# I now regret asking my brother for investment suggestions



## Marie5656 (May 8, 2018)

*I have spent the past couple days pretty stressed and almost angry----at my brother.   As you know, hubby is retiring next week.  We both have employer  based retirement accounts through VOYA.   Hubby called VOYA to ask about how to handle the money now we are both retired.  Our accounts are separate, of course.  She gave us the name of a local guy who helps people manage their VOYA accounts.  I called the guy yesterday, and we made an appointment for him to come to the house to help us re-invest the money with another broker.  This guy is just an agent.  The guy mentioned several of the national "brands" of investment places...T Rowe Price, Schwab and others.

So Hubby says to me "Email your brother, ask hum who is a good firm to use as we want to have a secure investment".  My brother is wealthy...self made in business and such.   ven rent a couple times.

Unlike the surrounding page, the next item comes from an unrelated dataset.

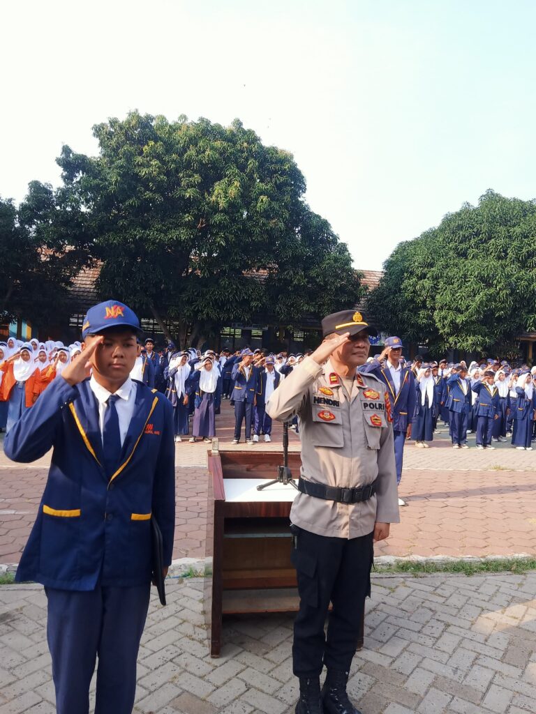 Suara62.id || Kabupaten Tangerang – Kanit Reskrim Polsek Kronjo, IPTU Hendri Mulayana, S.IP, didapuk menjadi pembina upacara bendera di SMK dan SMP Nurul Amin, Kecamatan Mekarbaru, Kabupaten Tangerang, Senin (29/9/2025).

Anyway, here comes the frustration.  In stead of just emailing back, asking a few questions to help him in his suggestion he starts asking all thes questions about how much we have in out retirement/investment acounts (OK, I can almost deal with that one), how much we have in the bank, do we have savings, and many more questions. When I told him how much we had in our investments his response was "Is that ALL?"  

Let me tell a little back story. I was quite a financially irresponsible adult, before meeting my husband (which meant into my 40's). I spent recklessly, did not save, did not always pay important bills like car insurance and even rent a time or two.  After we married, I continued for a few years to be a bad money manager. Putting lots on credit cards for foolish purchases.  DH spent a lot of time and money to help me bail out. Brother did help once.  I gambled too..on lottery tickets.  

Long story short, after several threats of divorce, and therapy, I have righted the boat and have us back on track.   That being said, THIS is why we do not have a lot in savings.  I had to retire 3 years before planned, so my payroll deduction of $200 a month into MY pension stopped early.

Se we have spent two days going back and forth over how little we have and still no suggestion of who to put our money with.   I have crying, anxious and much more over this.
*


----------



## Lon (May 8, 2018)

Check VANGUARD


----------



## Marie5656 (May 8, 2018)

Lon said:


> Check VANGUARD



Thanks, Lon. I will look into it


----------



## helenbacque (May 8, 2018)

Forget about what your brother has.  For some people, enough is never enough.  

Life isn't about winning or losing.  It's about having a life that is well lived.  It sounds as though you are in a good place now.  Enjoy it


----------



## Aunt Bea (May 8, 2018)

Don't worry about your brother, we all have those moments that go all the way back to our childhood relationships. 

We all have to start where we are and in this case, the who is not as important as the what.

The biggest question is what your savings are going to be used for and when you will need them.

If you will not need the money for several years I would look for a no-load balanced fund or broad-based index fund with one of the major brokerage houses.

If you will need the money to help with day to day expenses over the next few years I would divide it up and put it into a ladder of CDs with one coming due each year.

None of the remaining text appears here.